I have always wondered over the phrase, “Till death do us part”. Do we really part ways with our loved ones when death strikes? We cannot define parting ways until we can clearly define what being together means.
Is it the physical presence of two or more people together? What distance is the maximum to be defined for two people to be together? I know few couples who share the bed but yet cannot agree they are together.
One of the very important person in my life has been my elder sister, who came into this world 3 ½ years before me. We enjoyed a big share of our childhood together, because our next sibling took more than 6 years to arrive. Even then the age gap bonded us together in a different way. Though she was my elder sister, somehow we grew up being equals. I never referred to her as Didi, but called her by her pet name Baby. We shared almost everything together in our childhood other than books. I loved books and had a huge collection of them, whereas my sister hated them. Reading or writing was not her forte. I can recall tons of adventures I shared with my sister in our childhood. Some of them play like movies when I think of them.
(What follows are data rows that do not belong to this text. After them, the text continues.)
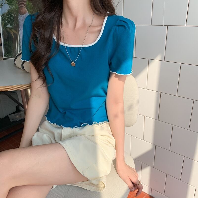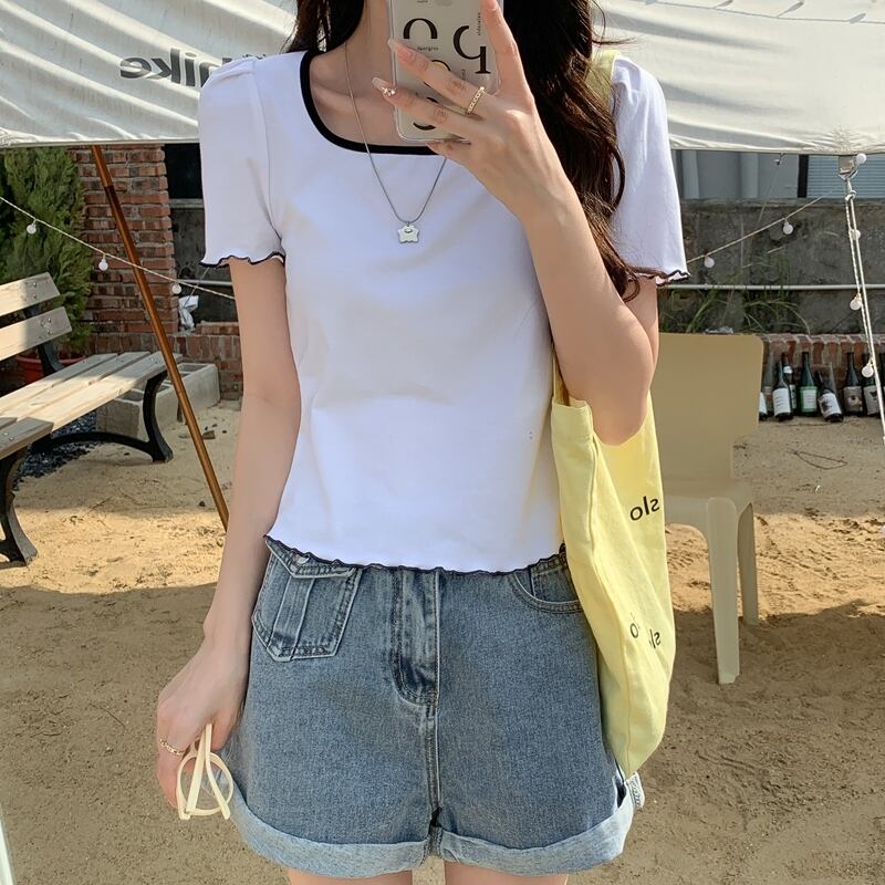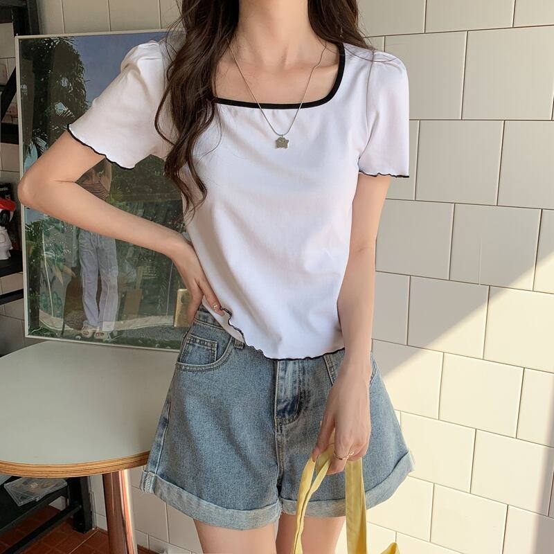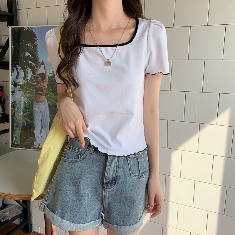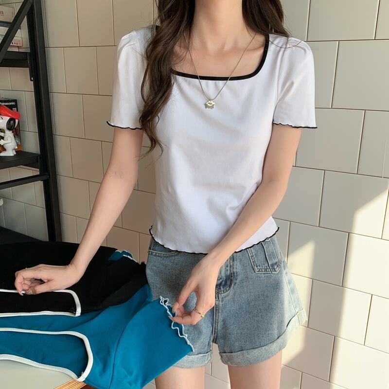 夏の新作流行りのデザインセンスニッチスクエアネック半袖Tシャツレディースファッションシックシックシックスウィートスパイシーショートトップ 大人ガーリー キュート カジュアル サマー 夏物 スクウェア 7460069322390372 | framboise21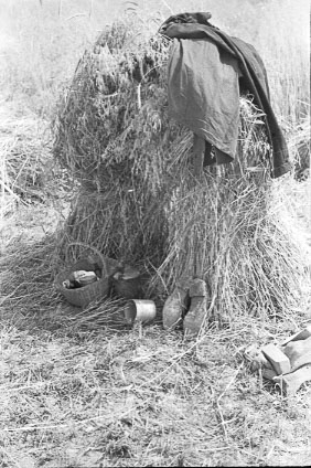 - El cistell amb menjar, un pot, sabates i roba d'un segador, posat en una garba.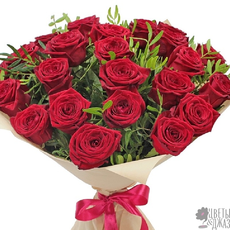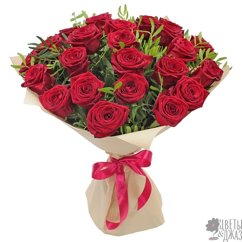 Букет состоит из 25 роз, писташ, крафт, атласная лента.
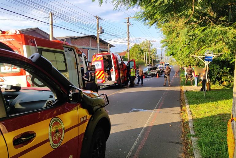 Quando as equipes chegaram, o ciclista estava caído na calçada, consciente, porém irresponsivo, apresentando grave lesão e fratura na face e no crânio. Após avaliação, a equipe médica decidiu pela condução ao Hospital Santa Isabel, em Blumenau.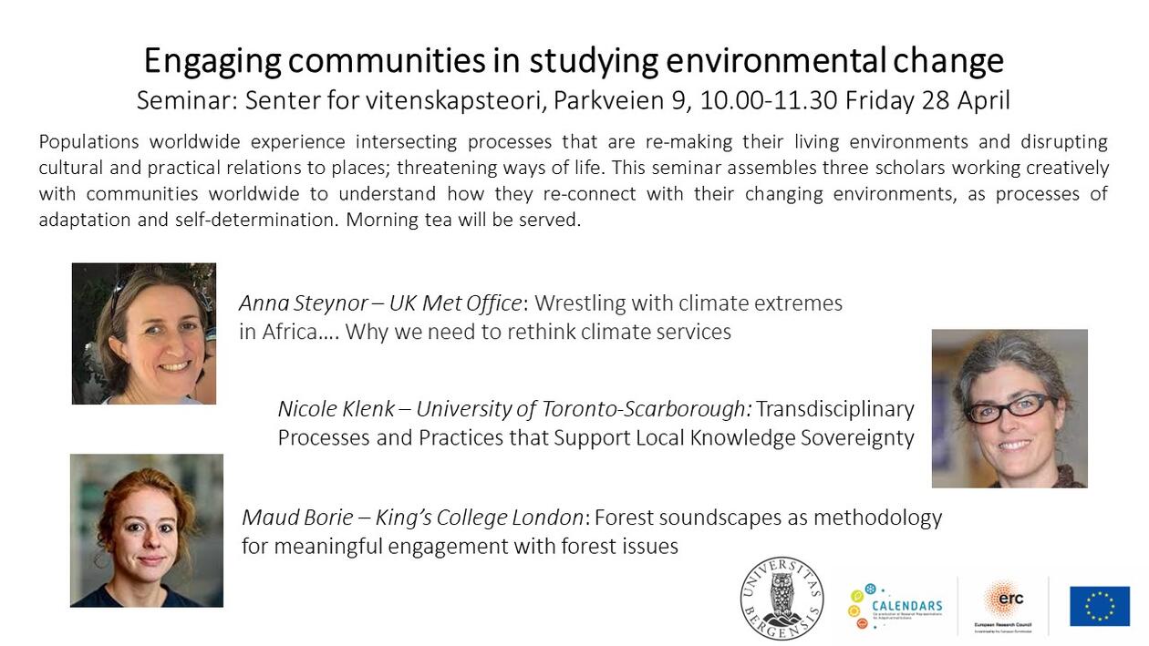 Today you'll hear from three scholars working creatively with communities worldwide to understand how they re-connect with their changing environments, as processes of adaptation and self-determination:
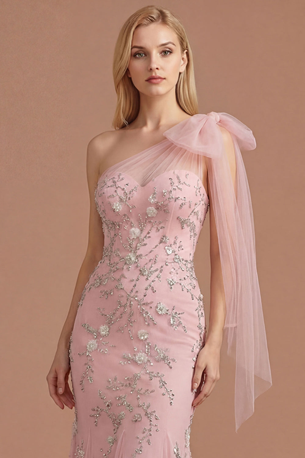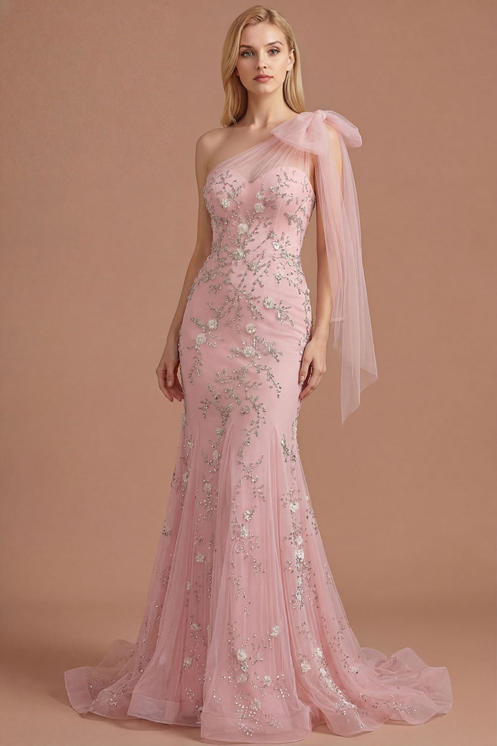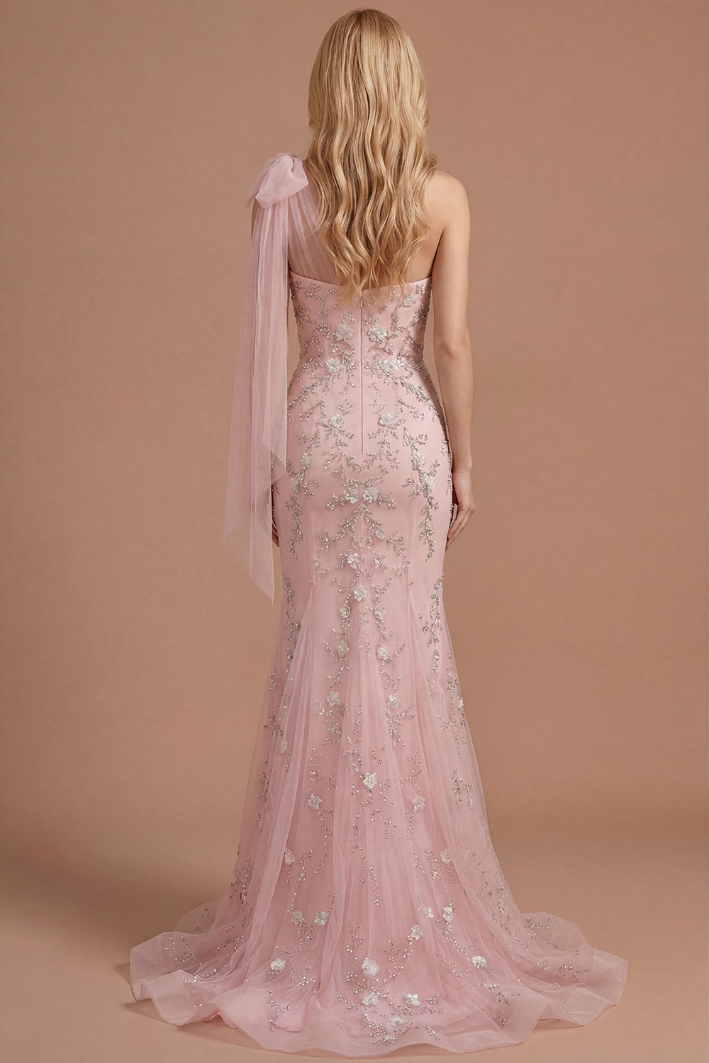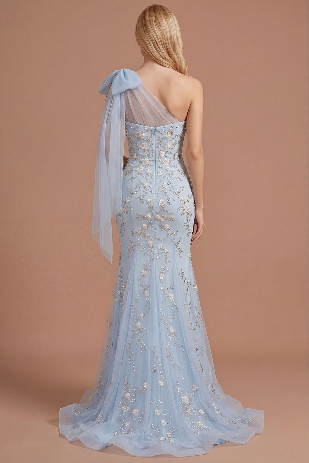 Blue Floral Mermaid One Shoulder Beaded Appliqued Long Prom Dress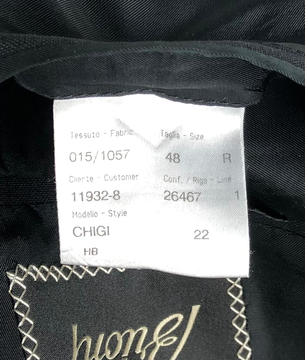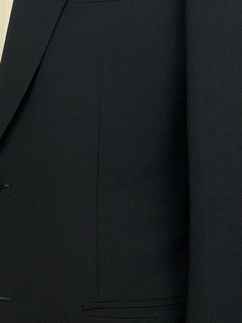 James Bond’ suit - black handmade Brioni suit. Notch lapels, fully lined, expertly constructed from a luxury wool & mohair blend with double side vents at the back and two-button closure to keep the profile neat. The notch lapels and welted chest pocket are undeniably classic. Discover the elaborated sartorial details below.

She followed a routine every day which was not disturbed in any situations. She had a biological schedule to wake up, do household chores, have bath, eat, talk, sleep and all other work we did on compulsion. The huge difference between me and my sister was that, no one would notice I was home most of the time due to my reading habits, whereas my sister was a tornado on the go always. Everything she did had to be in extremes. Her fights, weeping, or talking were done vehemently.
She was a robust and strong woman who seldom suffered illness. She exercised regularly and worked around the home to keep herself fit. It was a great shock to everyone when we were informed that the lump in her breast was cancerous. How could someone so full of life be near to death? The truth was not acceptable to any of us, but tests showed the results to be positive.
|Loving Aunt to my Kids|
Two years later it was my turn to be diagnosed with cancer. The news shattered everyone in my family, but the effect was worse on my sister. She was at the 4th stage of advanced cancer when I was diagnosed. She was 31 and I was 29 when we went through breast cancer. My sister was married for 7 years but she did not have children when diagnosed. She was worried what would happen to my children if I succumbed to cancer. I assured her that I am not going to give up so easily and she should just watch how hard I am going to kick the cancer butt. Nothing could console her, especially because she was terrified of cancer surgery and treatment.
When I walked out of home to get myself operated and get rid of the breast, my sister who was resting rushed to the gate at the last moment. She gave me a tight hug and wept silently. Even though I was breaking from inside to see her suffer so, I did not show anything outwardly. I put up a brave face and told her, “Just wait and watch, I am going to be all right. Promise.” Some positive warmth surrounded me when she hugged me and that warmth has remained with me for 19 years now.
|Tough to believe she was going though|
4 stage cancer when this picture
2 months later, my sister passed away. It was the biggest tragedy that has ever struck my family. My mom, dad, younger brother and sister, my son and I were all completely broken by her loss. What made things a little better is her presence in my life. I still can hear her words, see her smile, or even feel the pain where she would hit me when I troubled her a lot. More than anything I just have to close my eyes to feel her hug and warmth anytime I need it. The one hug my sister gave me that day has seen me overcome many great hurdles, because it gives me courage, hope and strength when I feel it. I know things are going to be all right.
Sometimes she is in my dreams, and we are doing all the things we did earlier together again. When I started riding my Dio, I dreamed of taking her for a ride around Bangalore. When I cook something, I dream of sharing it with her. These dreams are so real at times I have trouble waking up to reality where she is no more in her physical form.
With her enthusiasm, laughter, innocence, love and care, she has stayed back with us forever. When you share your life with someone so closely, death fails to part us. A connection remains which defies death.